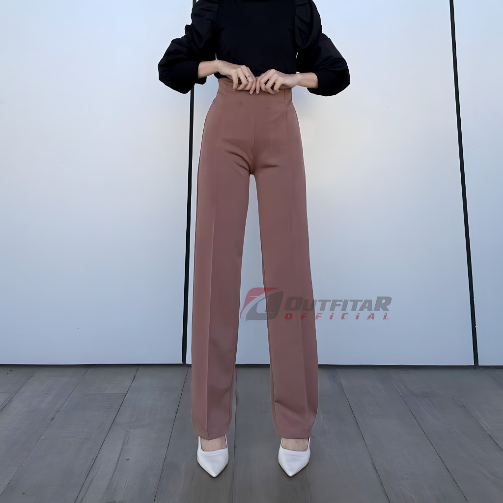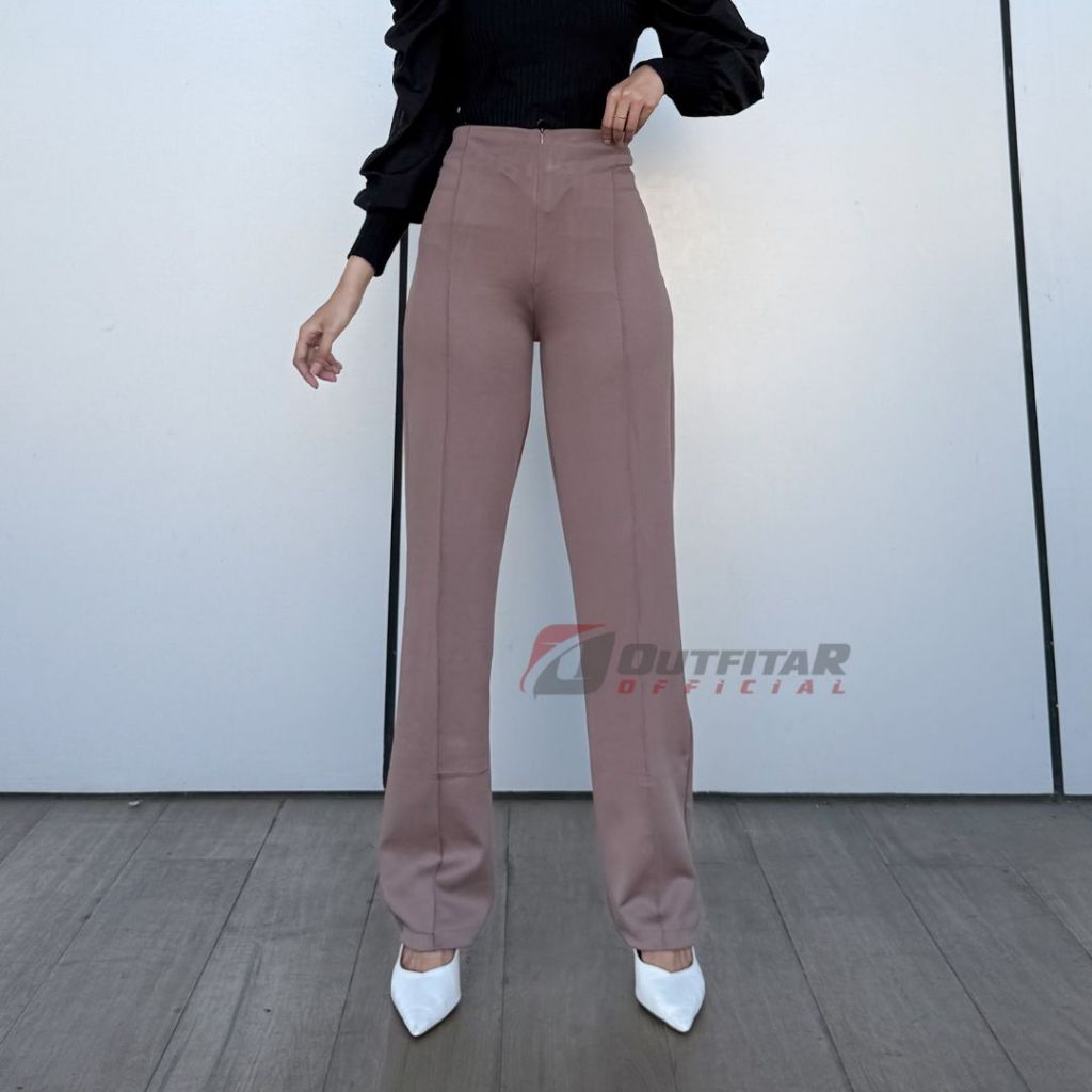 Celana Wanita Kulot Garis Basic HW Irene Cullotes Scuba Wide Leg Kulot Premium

★ ★ ★

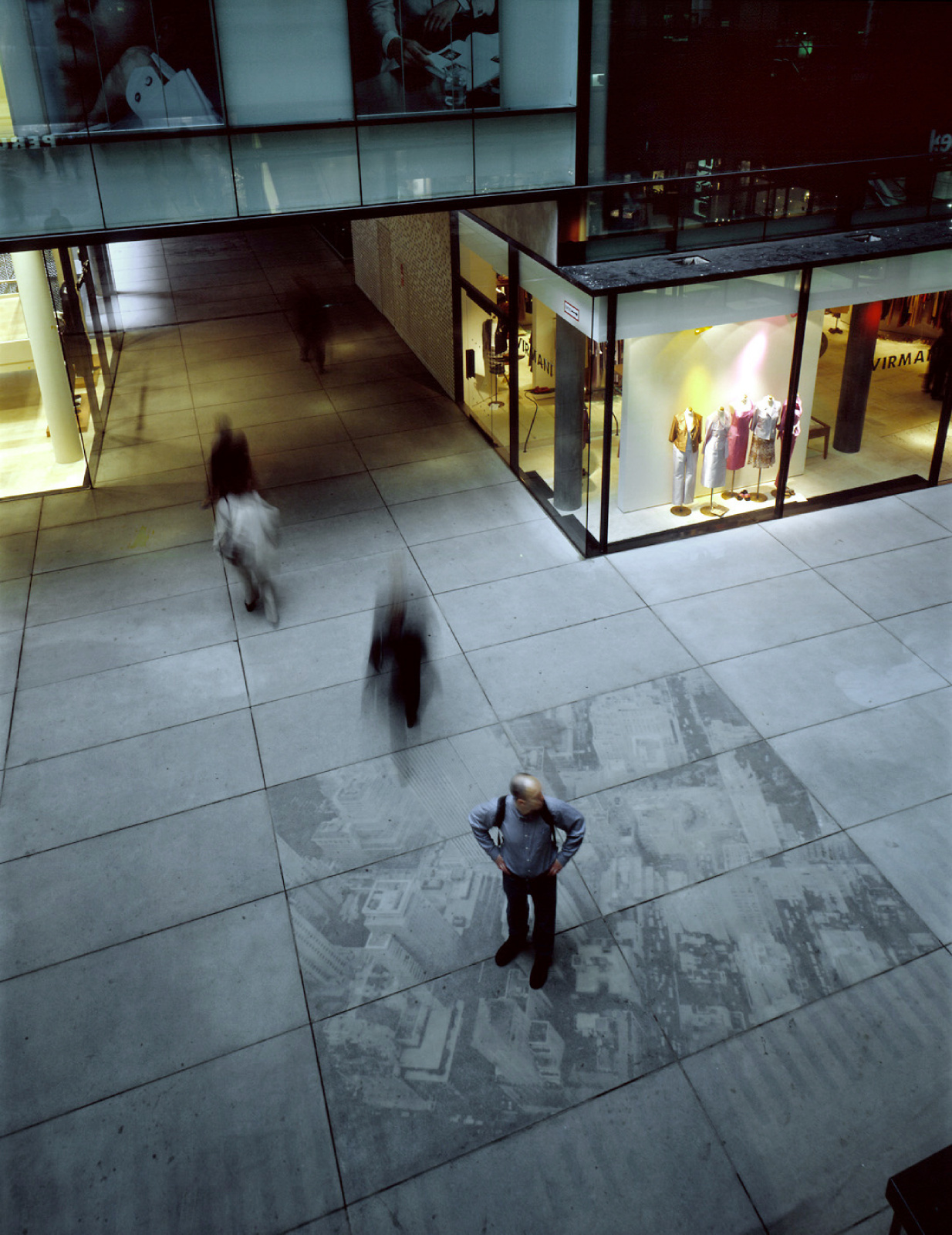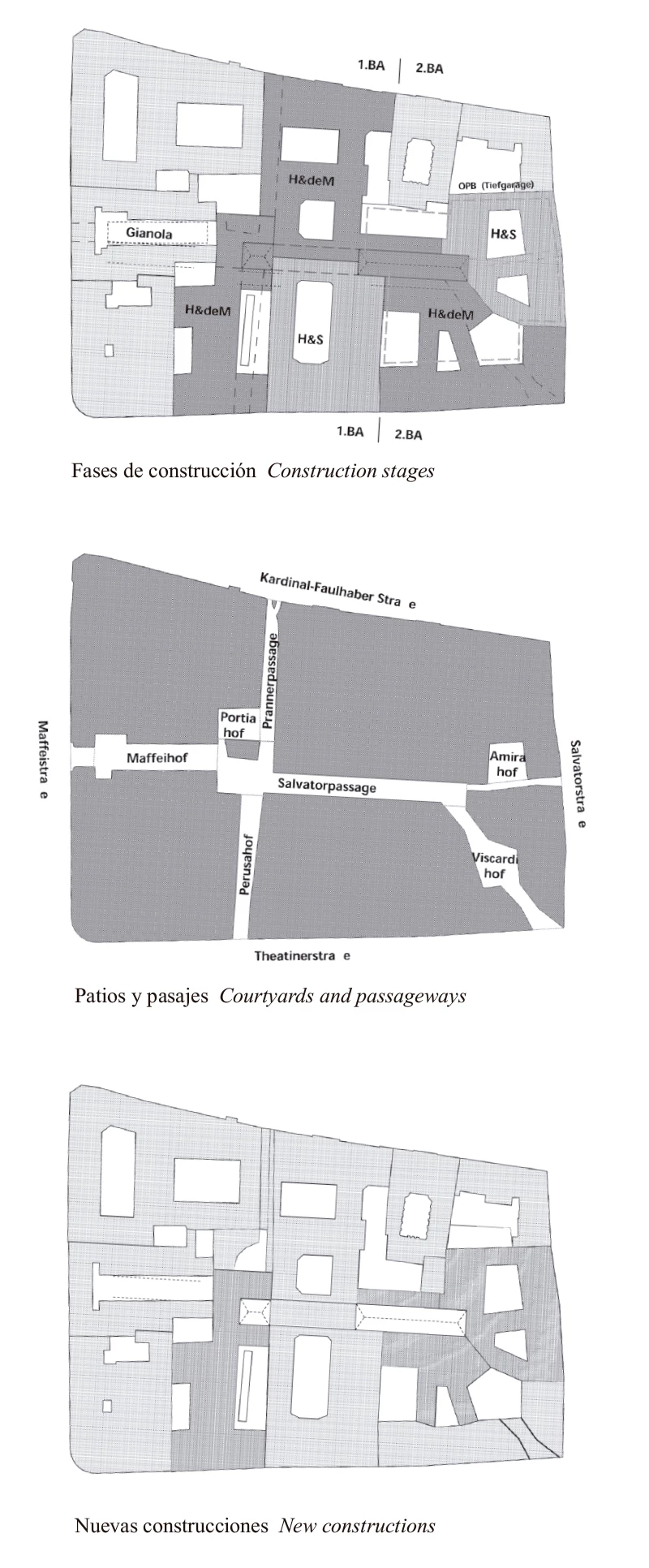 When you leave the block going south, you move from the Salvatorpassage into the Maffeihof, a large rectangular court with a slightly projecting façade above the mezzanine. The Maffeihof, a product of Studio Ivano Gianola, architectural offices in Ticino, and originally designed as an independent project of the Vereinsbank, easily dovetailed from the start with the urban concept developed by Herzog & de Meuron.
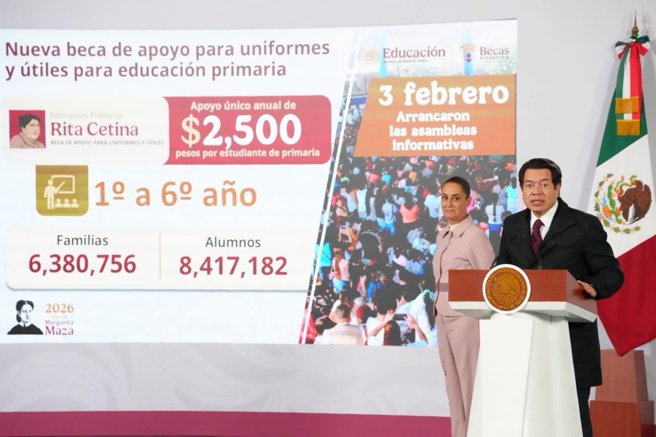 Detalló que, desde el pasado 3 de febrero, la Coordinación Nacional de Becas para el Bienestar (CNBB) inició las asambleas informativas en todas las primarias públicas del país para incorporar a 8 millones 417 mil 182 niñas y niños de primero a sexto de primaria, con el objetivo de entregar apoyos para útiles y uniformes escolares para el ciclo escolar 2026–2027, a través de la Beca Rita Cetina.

★ ★ ★

▶ **Problem to work on**
Your answer must be the exact lines from the records above, from the one containing "When you leave" through the one containing "Detalló que, desde", both included, with every picture left out.

▶ **Finished exercise**
 When you leave the block going south, you move from the Salvatorpassage into the Maffeihof, a large rectangular court with a slightly projecting façade above the mezzanine. The Maffeihof, a product of Studio Ivano Gianola, architectural offices in Ticino, and originally designed as an independent project of the Vereinsbank, easily dovetailed from the start with the urban concept developed by Herzog & de Meuron.
 Detalló que, desde el pasado 3 de febrero, la Coordinación Nacional de Becas para el Bienestar (CNBB) inició las asambleas informativas en todas las primarias públicas del país para incorporar a 8 millones 417 mil 182 niñas y niños de primero a sexto de primaria, con el objetivo de entregar apoyos para útiles y uniformes escolares para el ciclo escolar 2026–2027, a través de la Beca Rita Cetina.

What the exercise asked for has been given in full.